When you say “the tactics of 2007 and 2008,” I presume you are talking about the sit-in and the attacks in West Beirut and the Chouf. What, then, do you think Hizbullah will do if March 8th does not win and March 14th does not cough up a veto for the opposition? Your point about the necessity of winning is a fair one; but what do you imagine to be the consequences of losing?
Hizballah historically does not act without being able to provide justification, or at least what it regards as righteous justification. They would have justified the sit-ins on the basis that M14 had betrayed them after the 2005 elections and the passing of the legislation against their commuinications network as a direct assault.
But I think at least from Hizballahs pov, if not M8’s, the reaction to a loss was pointed to in Nasrallah’s last speech where he said something along the lines of if we lose it won’t be the end of the world.
They will not have “justification” to demand recognition and will push for a veto but I am pretty sure that there will not be any direct action.
Since everyone seems to agree that win for either side will be slim, any cabinet will have to walk a fine line anyway so we are unlikely to see a repeat of the communications network fiasco and the resulting reaction.
Perhaps, more importantly for Lebanon, the question we should be seriously pondering may be not so much what Hizballah does in reaction to a defeat but what M14 do in reaction to a victory.
sorry to be cynical, but this reeks to me of HA attempting to lower expectations.

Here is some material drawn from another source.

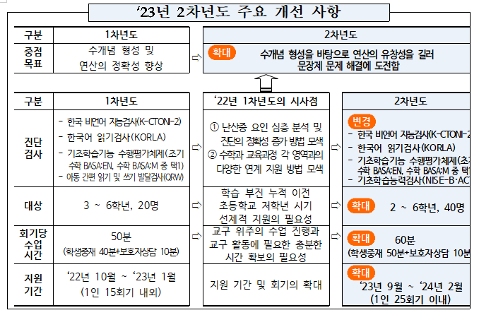 1차년도 시범사업*에서는 ‘심층진단-학생 맞춤형 중재지원 프로그램-학부모 및 교사 상담 지원’의 단계별 기틀을 마련하며 지원 대상 학생의 수개념 형성 및 연산의 정확성 향상에 목표를 두었다고 합니다.

this election was being played up as the end-all-be-all by M8 until they reassessed a couple of months ago and realized a victory wasn’t guaranteed anymore. so now, they are making these statements and spreading these rumors so if they do lose, or if it’s a draw, it isn’t seen as a referendum on the coalition. ya know, because they wanted to lose, anyways…
“I hear what you are saying, but how long do you really think that this limbo option is realistic for Hizbullah?”
It can remain realistic for Hizbullah for a long time. They represent pretty close to the (if not more than a) majority in Lebanon, and they have a significant military advantage against any other party that were to try to overtake them, or try to weaken their position. So they can keep it up for a significantly long time if the conditions require.
That said, I do not think Hizbullah wants to maintain that “limbo” status for the long term. For example, they have no interests in being confrontational with the other parties in Lebanon, and know that it’s not an ideal to have that consistent confrontation. It weakens them, even if they can withstand it.
The question of Israel is the “X” factor. If Hizbullah believes that they need their weapons and independent political base to protect Lebanon (and themselves) from Israeli terrorism and military aggression, you will see them maintain this limbo for a long time. If the other Lebanese parties start to show a willingness to defend Lebanon (and Hizbullah) militarily from external enemies, then Hizbullah will be much more willing to integrate politically, as well as give up their weapons.
But, when you have situations like the 2006 war, where the Lebanese army brings tea to Israeli butchers, and the political establishment conspires with Israel and the “international community” against Hizbullah’s efforts to defend Lebanon, you are not going to get much willingness on Hizbullah’s part to fully participate in politics. And especially where the system doesn’t allow them to be fully represented (or proportionally represented). Why should they?
Right now, i think Hizbullah’s politicial strategy is to eliminate the threat that the political sphere poses to them, not to take over the system. And that is why peole think they are trying to lose, because they have different goals than dealing with politics through electioneering. So, the limbo suits them perfectly now. But also, a national unity government, that provides them protection and influence, is their ideal solution at the moment. It’s shockingly short-sighted that M14 would reject this, and by doing so they are less likely to achieve their own political goals.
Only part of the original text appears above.